Aim of the exercise. Could the listing below be returned exactly, with its pictures left out?

Data shown.
• • • • • • •

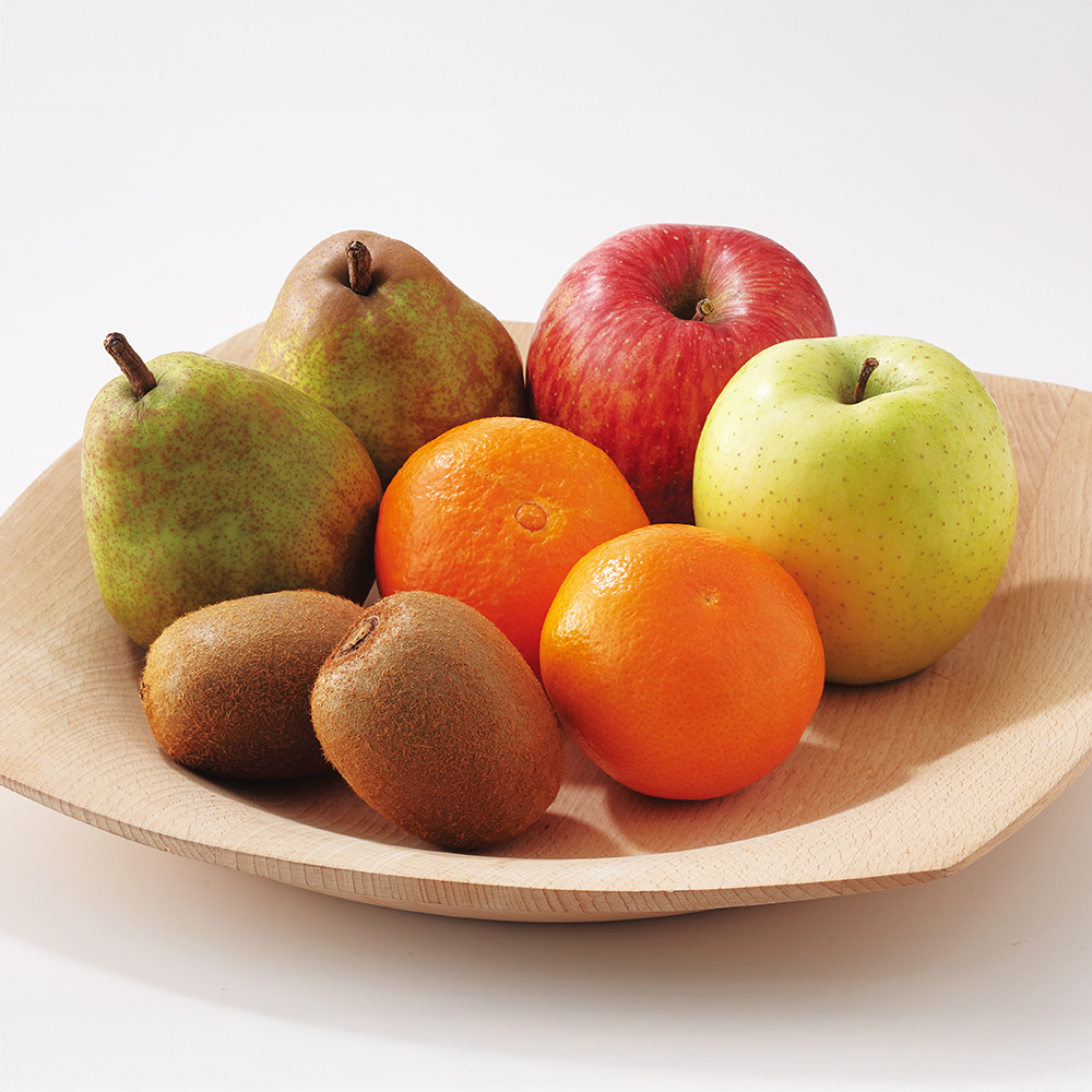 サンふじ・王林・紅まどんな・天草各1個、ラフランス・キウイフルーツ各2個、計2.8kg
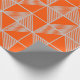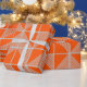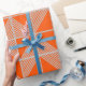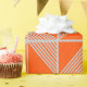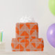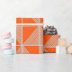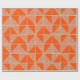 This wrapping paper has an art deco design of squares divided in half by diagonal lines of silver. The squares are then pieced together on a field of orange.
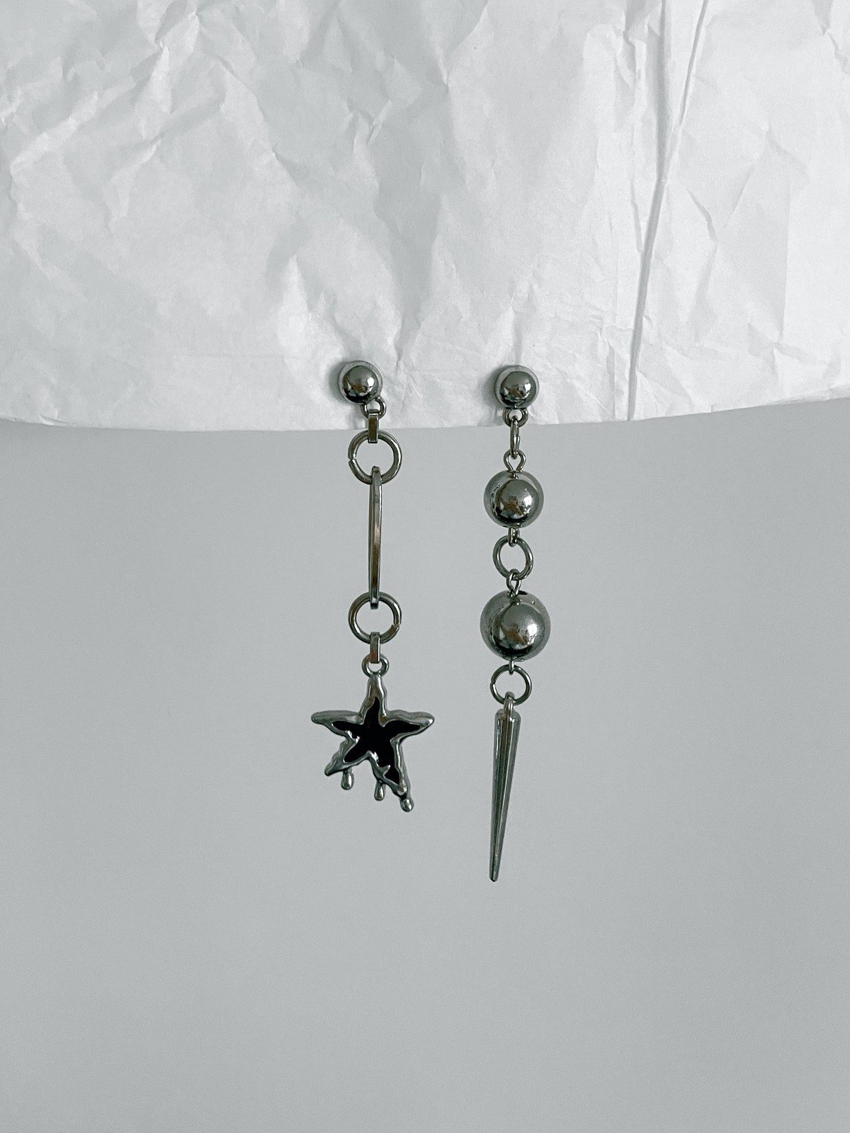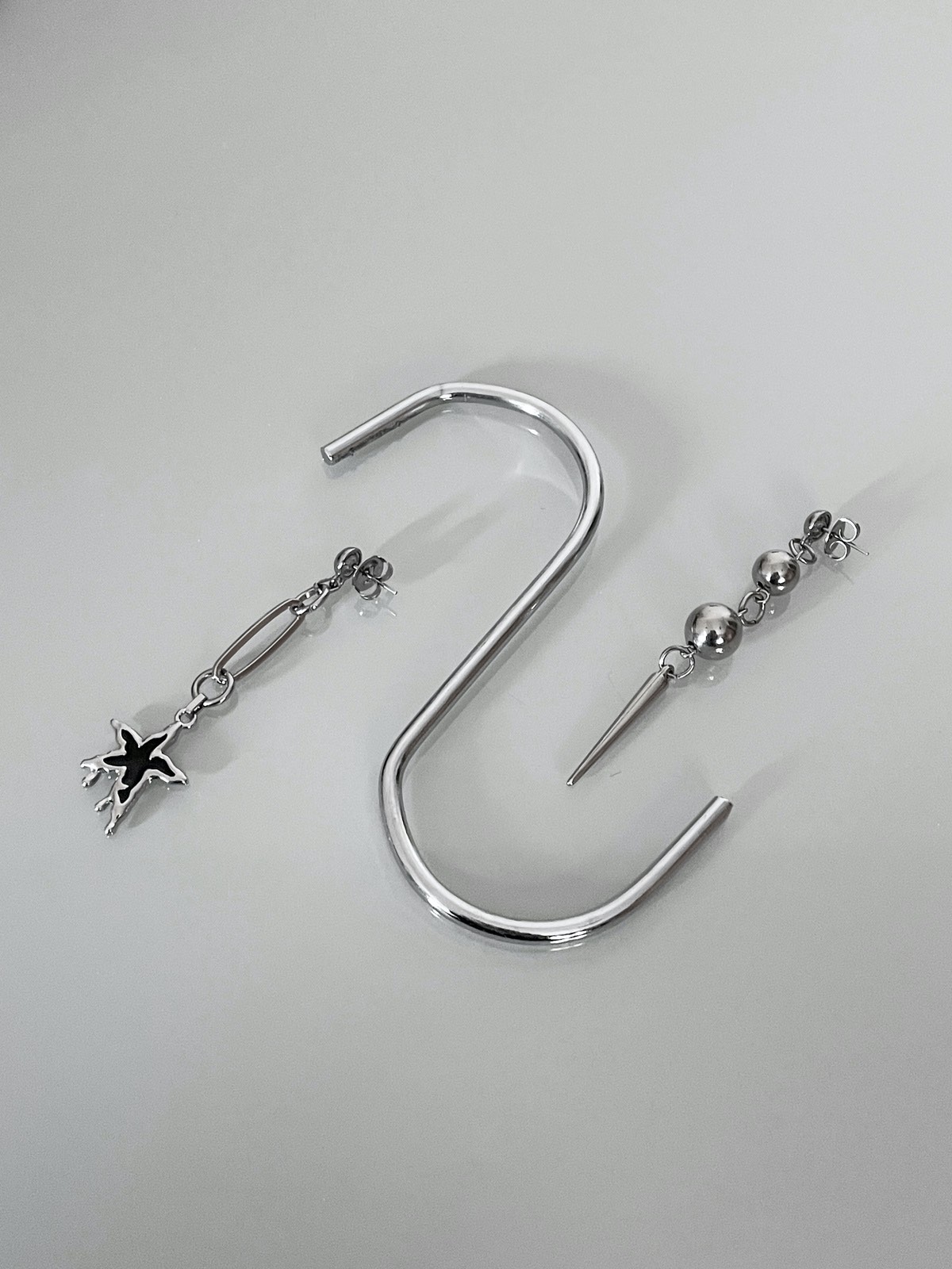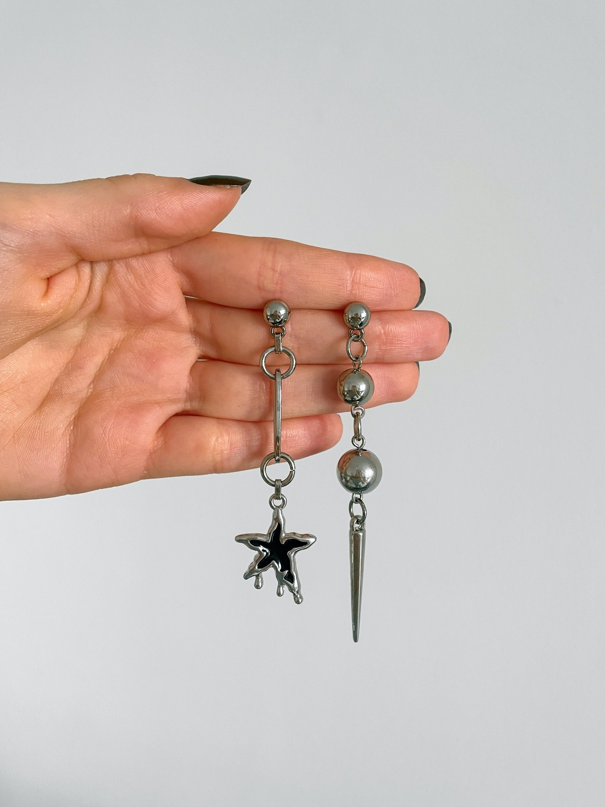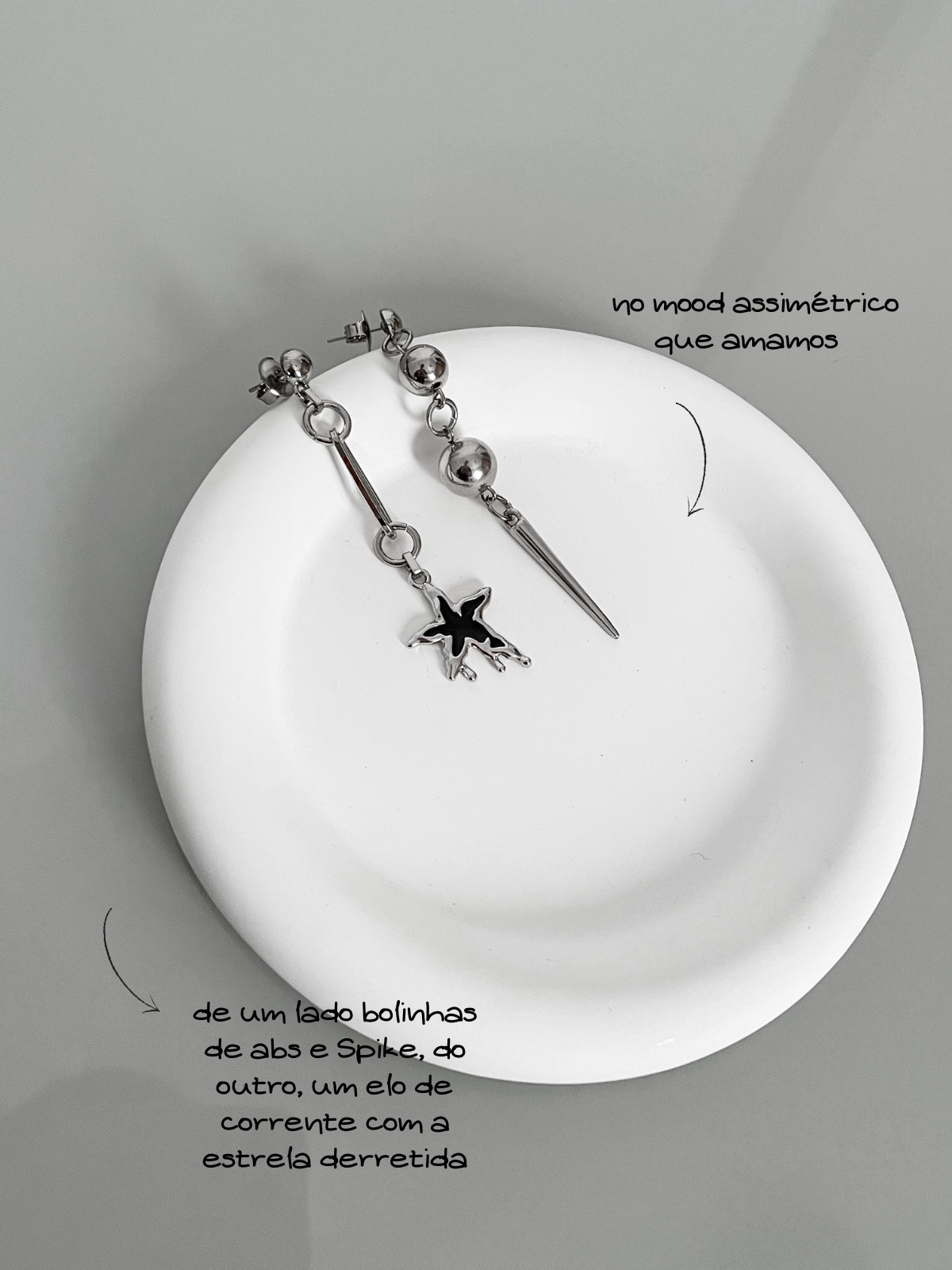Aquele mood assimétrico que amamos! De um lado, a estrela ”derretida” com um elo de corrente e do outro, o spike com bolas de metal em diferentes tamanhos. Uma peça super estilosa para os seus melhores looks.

• • • • • • •

Solution to this problem.
 サンふじ・王林・紅まどんな・天草各1個、ラフランス・キウイフルーツ各2個、計2.8kg
 This wrapping paper has an art deco design of squares divided in half by diagonal lines of silver. The squares are then pieced together on a field of orange.
Aquele mood assimétrico que amamos! De um lado, a estrela ”derretida” com um elo de corrente e do outro, o spike com bolas de metal em diferentes tamanhos. Uma peça super estilosa para os seus melhores looks.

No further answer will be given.